Ah, the Oscars. A time honored tradition where Hollywood’s richest and most privileged gather to celebrate one another’s rich and privileged achievements. And what a year to celebrate!
Unlike past years, it is not easy to predict the best picture winner with analysts predicting a three-way race between Spotlight, The Big Short, or The Revenant with some even speculating a lesser-recognized film like Room could win as a result of a split vote. This level of uncertainty hasn’t been seen since the 87th Academy Awards when Birdman and Boyhood were in a tight race. This year is truly one-of-a-kind!
But this show isn’t all about the Best Picture, folks! This year may finally see something diehard fans have wanted for decades. You know where I’m going with this. After countless projects and performances worthy of infinite praise and recognition, a household name may finally receive their gold. That’s right, this may finally be the year Lady Gaga wins an Oscar.

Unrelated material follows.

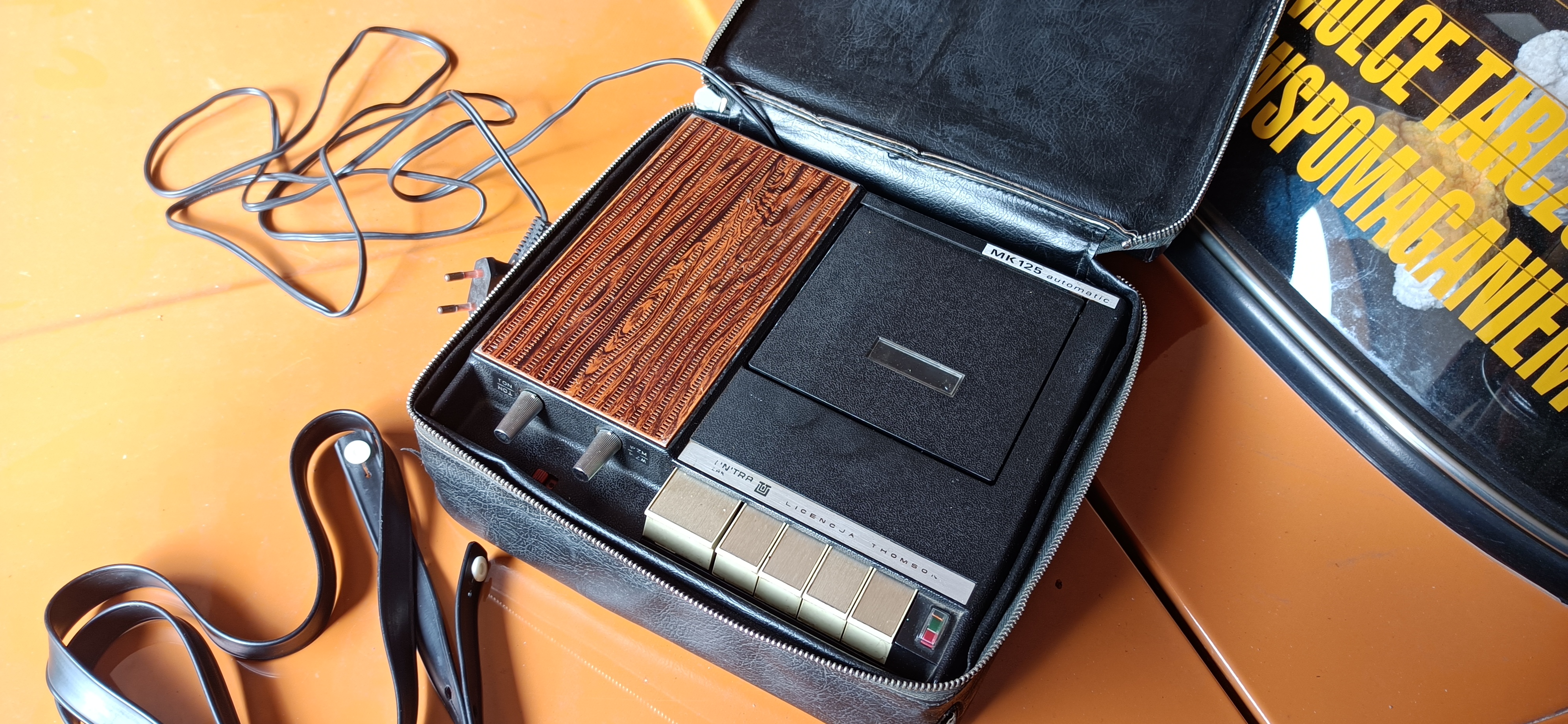 Bardzo ciekawy magnetofon MK125 na licencji Thomsona. Obsługa klawiszy w pionie i poziomie, napisy oprócz standardowego położenia także w lustrzanym odbiciu ponieważ można ten sprzęt zamontować do góry nogami pod szafką czy w aucie pod półką. Działa . Dzięki wiedzy i chęci jednego z forumowych kolegów został przeserwisował a dzięki dorobieniu adaptera na 12V z końcówką zapalniczki zostaje na stałe w dużym Fiacie!

Oh yeah, and Leonardo DiCaprio too. For his role in The Revenant, good ol’ Leo may prove once and for all that the only way to win an Oscar is sleeping in a horse carcass in Alberta, or as the locals call it: “hazing”.
As much fun and games they may seem, the Oscars do carry a major responsibility for the viewers. Since it isn’t the Golden Globes and the celebrities aren’t permitted to drink, we need to do the heavy lifting ourselves.
So put on those sweatpants, break open a bottle (or nine), grab a jar of mayo, and get drinking for the whitest night of the year!
Take one drink every time…
- You hear the word “prestigious”.
- Chris Rock jokes about Kanye West.
- Chris Rock jokes about Bill Cosby.
- Chris Rock jokes about Kanye West AND Bill Cosby.
- A Donald Trump reference is made.
- Every time Carol is snubbed.
- Every time Mad Max is snubbed.
- Charlotte Rampling shows up.
- People finding Eddie Redmayne dressing as a woman HILARIOUS!
- Someone ignores the playoff music.
- Chris Rock wears a ridiculous costume.
- A winner begins to exit the wrong direction.
- There’s an embarrassing mispronunciation.
- JULIANNE MOORE!!!!
- You actually saw one of the movies nominated.
- Jennifer Lawrence does something embarrassing and/or is the butt of another joke.
- They leave someone important out of the “In Memoriam”.
- A black presenter presents an award to a white person.
Take two drinks if…
- Leonardo DiCaprio loses another Oscar. Better luck next time!
- Lady Gaga wins an Oscar
- 8 or more people go on stage to accept a single award
- Lily Tomlin EGOTs (that’s right, we made it a verb)
- They’re running overtime.
- You remember award shows are meaningless
- You forget a winner that was announced an hour ago
- A white person draws attention to #OscarsSoWhite.
- “Is it almost midnight yet?”
Finish your drink every time…
- You remember you have class in the morning
- Start drinking at the beginning of the Academy’s speech and stop at the end.
- Start drinking at the beginning of “In Memoriam” and go until the end.
- Drink more.
- Drink a lot more.
Happy Oscars, everyone enjoy the show!